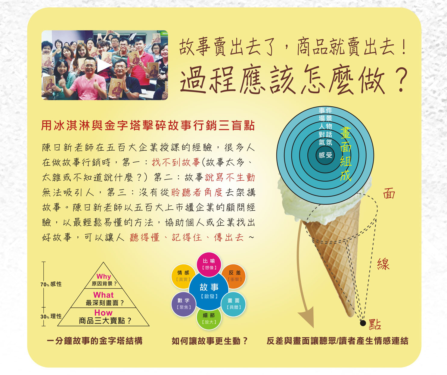 曾經,我接到一位學員興奮打電話給他說:「老師,您教的故事行銷,讓我們這個月招生大爆滿,營收成長了好幾倍。」也有位總經理打電話來道謝:「因為您協助挖掘、整理的品牌故事,放在網路上,引起電子媒體深度報導,創造我們參觀人潮激增、商品大賣,真的是想不到....」許多好朋友運用故事行銷之後,業績提升足足超過30%以上…
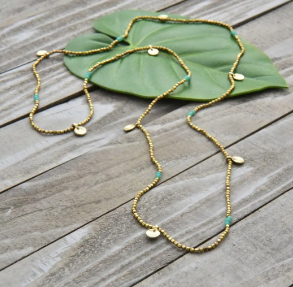 Beaded necklace with swirl detail. Handmade by a young designer and team of artists in Northern India.
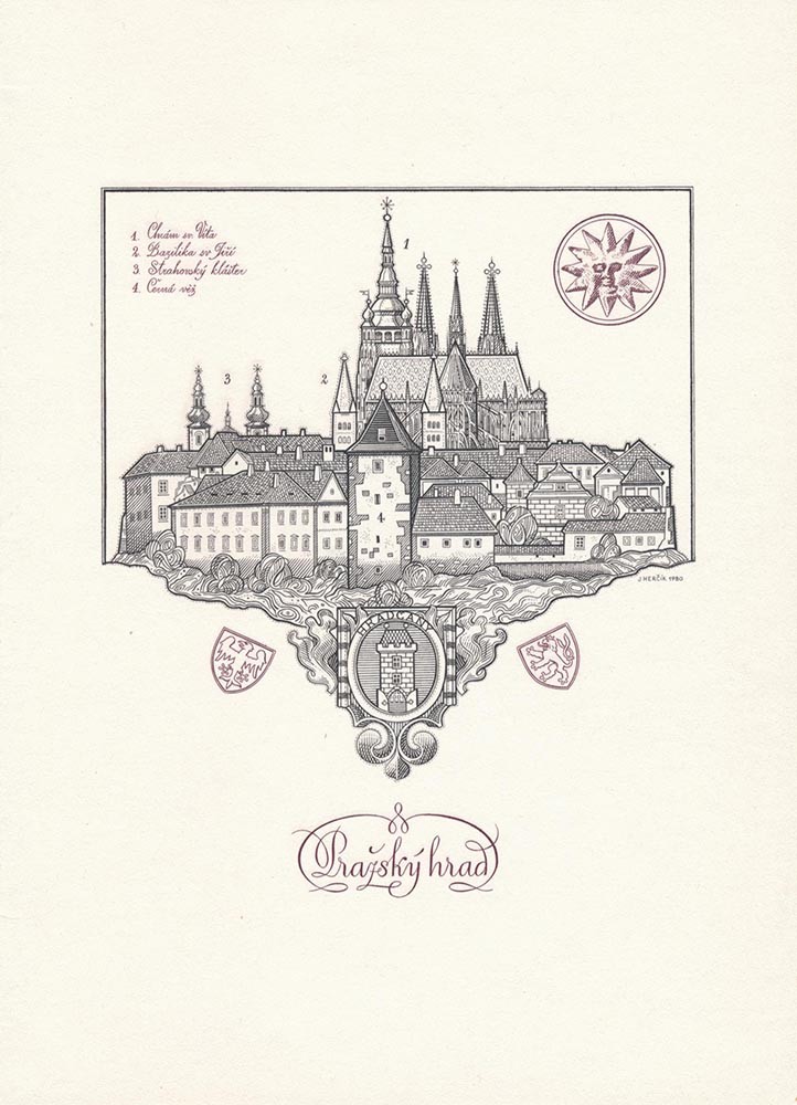 こちらはヨゼフ・ヘルチーク(1922-1999)の製作した銅板印刷のプラハ城を描いたグラフィック作品。ヨゼフ・ヘルチークは個人的に店長横山も大好きなグラフィック・アーティストです。何よりチェコスロヴァキア時代の切手の版を彫ってきた彫り師でもあります。彫り師としてはレジェンドとも呼べるような素晴らしい仕事を数多く残しました。まさにチェコ人の黄金の手を持つ職人です。こちらも例にもれず大変繊細な描写で、街の東側からプラハ城を望む写実的な描画で、チェコのライオンの紋章なども入り、デザイン的にもとても素敵な一枚です。プラハが好きな方には、きっとお馴染みの景色・・・額に入れて飾るのがおすすめのグラフィック作品です。残念ながら作者署名は入っておりません。
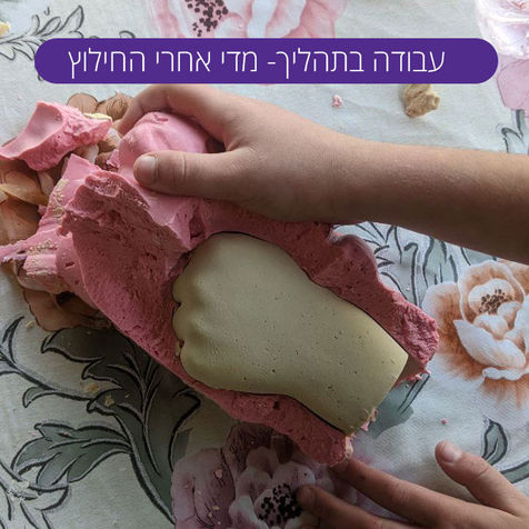 בסוף המפגש, אחרי שיצרנו את התבניות אני לוקחת את החומרים איתי לסטודיו כדי לעבוד על התוצר הסופי.
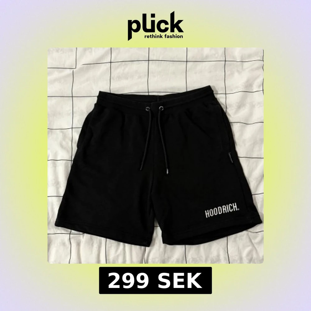 Svarta shorts från Hoodrich med vit logga på vänster ben. De har elastisk midja med snörning och två sidofickor. Tillverkade i en mjuk bomulls- och polyestermix som känns skön mot huden. Perfekta för chill dagar eller träning.
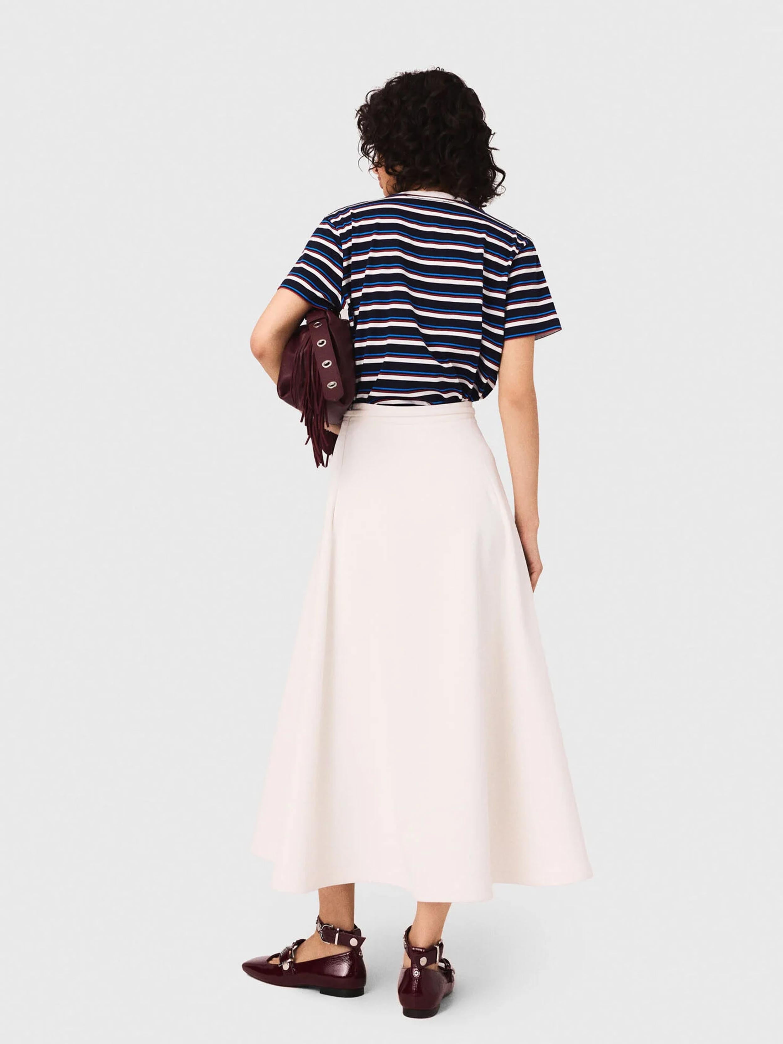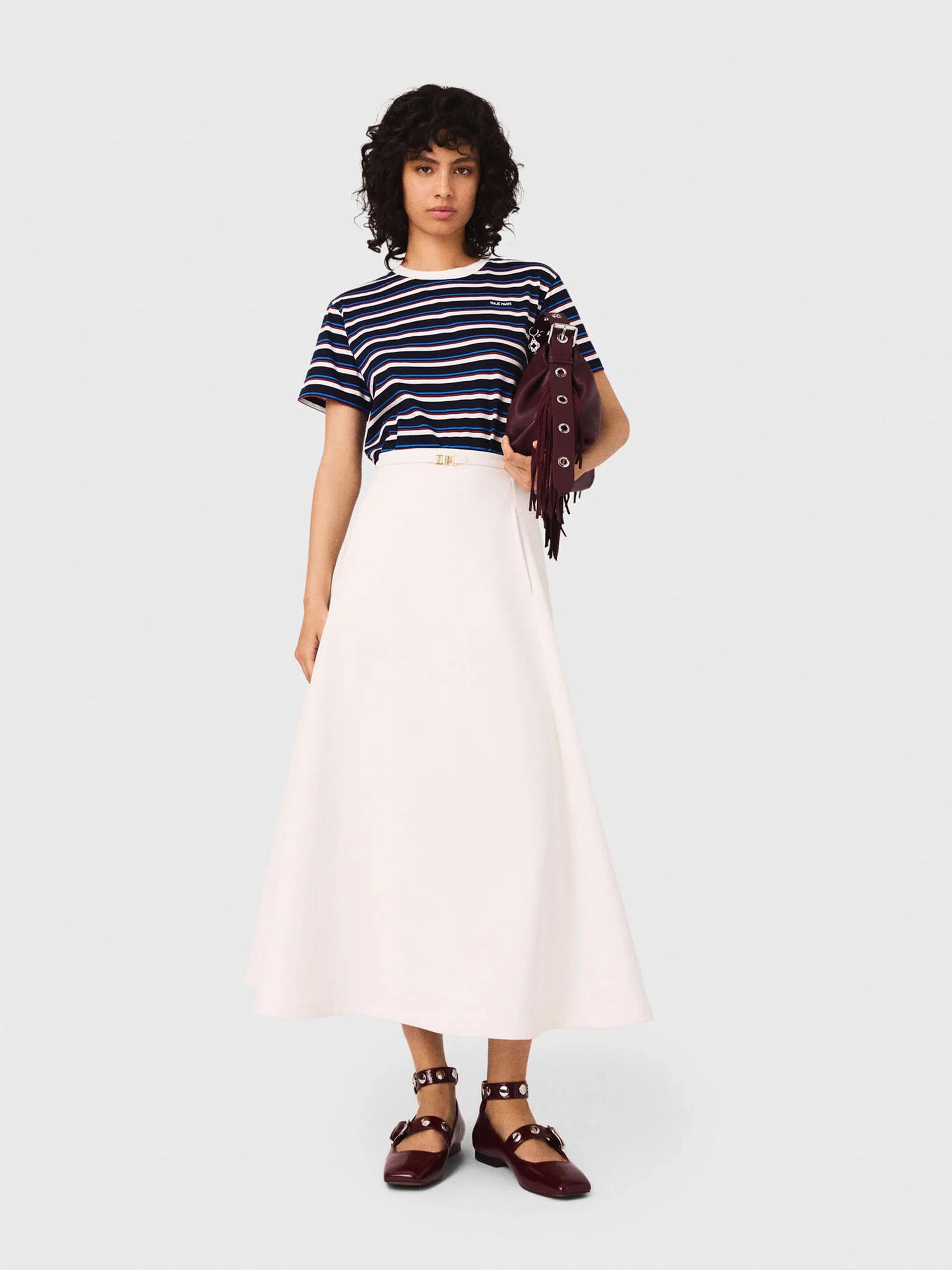 • This long skirt exudes lightness with its delicately flared cut that enhances the silhouette, and its removable Clover belt that precisely accentuates the waist.
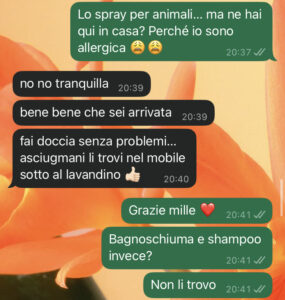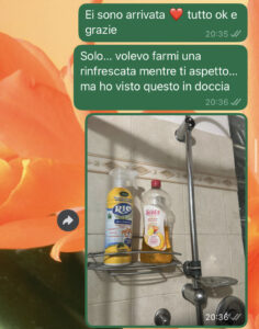 Entro, mi tolgo la giacca, mi guardo un po’ intorno. A un certo punto penso: “ok, nel frattempo mi faccio una doccia al volo così mi rinfresco”. Apro la tenda della doccia, guardo i prodotti appoggiati… e lì. Lì ho fatto una scoperta atroce. Non vi dico altro, ma vi giuro che ho avuto un momento di gelo totale.
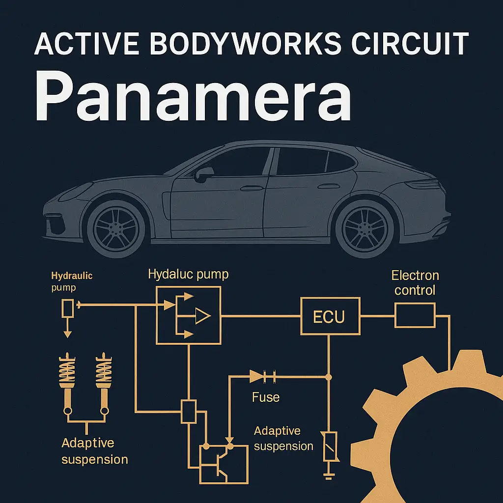 This OEM-level circuit diagram provides a focused view of the Active Bodyworks System used in the Porsche Panamera (likely 2015–2016 series). It specifically addresses the adaptive suspension and dynamic chassis control, critical for performance handling, stability, and comfort.
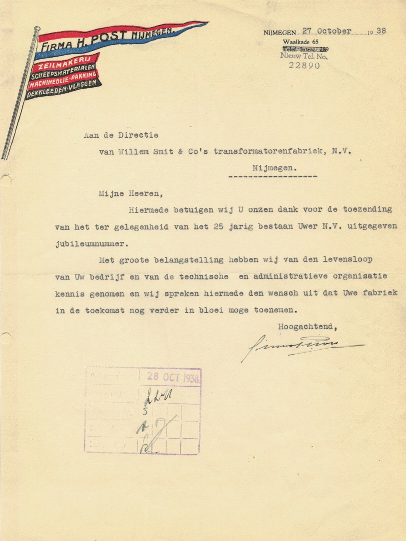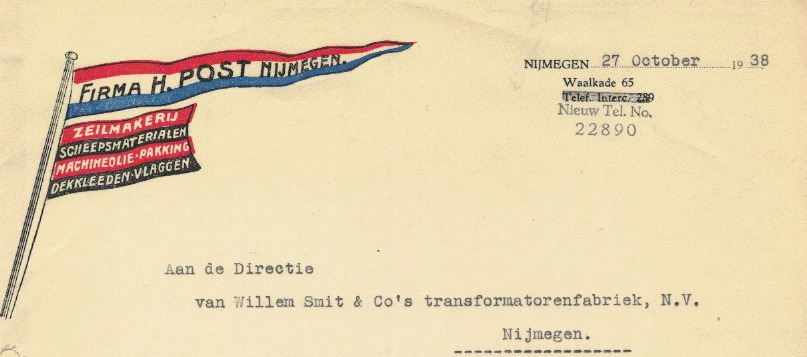 Nijmegen, 1938; Schrijven met afbeelding van de NL vlag.
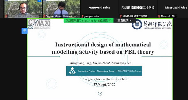 本网讯 2022年9月24日至27日,第20届数学建模与应用教学国际会议(ICTMA20)在德国Würzburg 举行。数学与统计学院2021级研究生蒋湘湘应邀参加线上会议,并作全英文大会报告。来自全世界近200名从事中小学、高等学校的数学建模教学的研究人员和教育工作者参加大会。
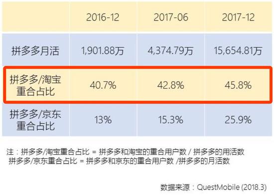 数据亦印证了这一观点。根据QuestMobile大数据呈现的《拼多多用户研究报告》显示,在所有电商平台中,拼多多和淘宝用户重合度最高,2017年底,约有45.8%的拼多多用户同时也是淘宝用户,且这一比例呈现上升趋势。
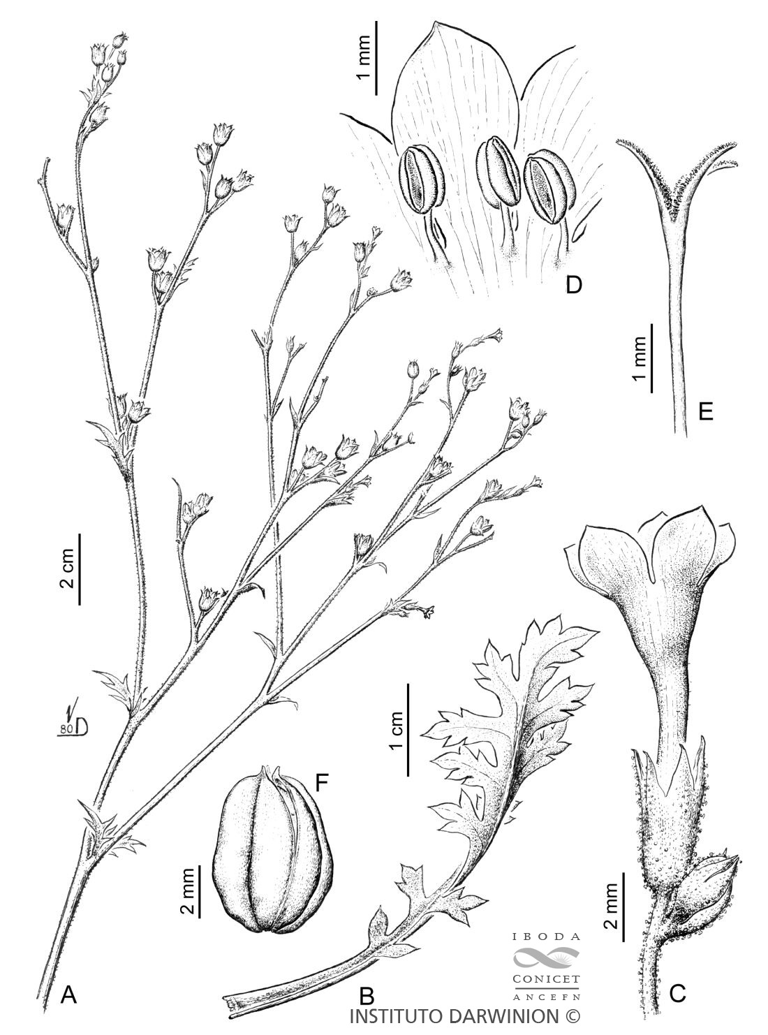 Hierba anual de 15-30 cm de alto, con tallos numerosos, erectos, con pubescencia lanosa o glabra en la porción inferior, glanduloso-pubérula hacia la porción superior. Hojas en roseta basal, pinnatilobadas a pinnatisectas, de 10-40(-50) mm de largo, carnosas, con los segmentos de 0,9-1,5(-2) mm de ancho, el ápice agudo y córneo, hojas caulinares 3-fidas o enteras, de 10-15 mm de largo, con pubescencia lanosa, glandulosas o no, carnosas, sésiles. Inflorescencias cimosas, con 2-3 flores, laxas, pedicelos de 1-8 mm de largo, glanduloso-pubescentes. Flores con cáliz urceolado, de 4-4,5 mm de largo, lacinias linear-lanceoladas, ca. 1,5 mm de largo con dientes agudos y reflexos, con pubescencia glandulosa o glabro; corola infundibuliforme, de 5-9 mm de largo, liliácea y con la garganta más pálida, lóbulos de la corola ovados, subagudos; estambres insertos en la base de los lóbulos corolinos, filamentos subulados, anteras ovoides de color celesteintenso, polen azul; ovario ovoide con ca. 15 óvulos. Fruto una cápsula oblongo-ovoide, de 5-7 mm de largo, mucronada, con el cáliz acrescente de igual o casi igual longitud que el fruto maduro. Semillas 4-11, elipsoideas, de 2-2,5 × 1 mm, amarillentas.

-------

▶ Required work: Pictures excluded, give again exactly and only the lines of the material above from the line with "こちらはヨゼフ・ヘルチーク(1922-1" through the line with "בסוף המפגש, אחרי".

▶ Expected answer:
 こちらはヨゼフ・ヘルチーク(1922-1999)の製作した銅板印刷のプラハ城を描いたグラフィック作品。ヨゼフ・ヘルチークは個人的に店長横山も大好きなグラフィック・アーティストです。何よりチェコスロヴァキア時代の切手の版を彫ってきた彫り師でもあります。彫り師としてはレジェンドとも呼べるような素晴らしい仕事を数多く残しました。まさにチェコ人の黄金の手を持つ職人です。こちらも例にもれず大変繊細な描写で、街の東側からプラハ城を望む写実的な描画で、チェコのライオンの紋章なども入り、デザイン的にもとても素敵な一枚です。プラハが好きな方には、きっとお馴染みの景色・・・額に入れて飾るのがおすすめのグラフィック作品です。残念ながら作者署名は入っておりません。
 בסוף המפגש, אחרי שיצרנו את התבניות אני לוקחת את החומרים איתי לסטודיו כדי לעבוד על התוצר הסופי.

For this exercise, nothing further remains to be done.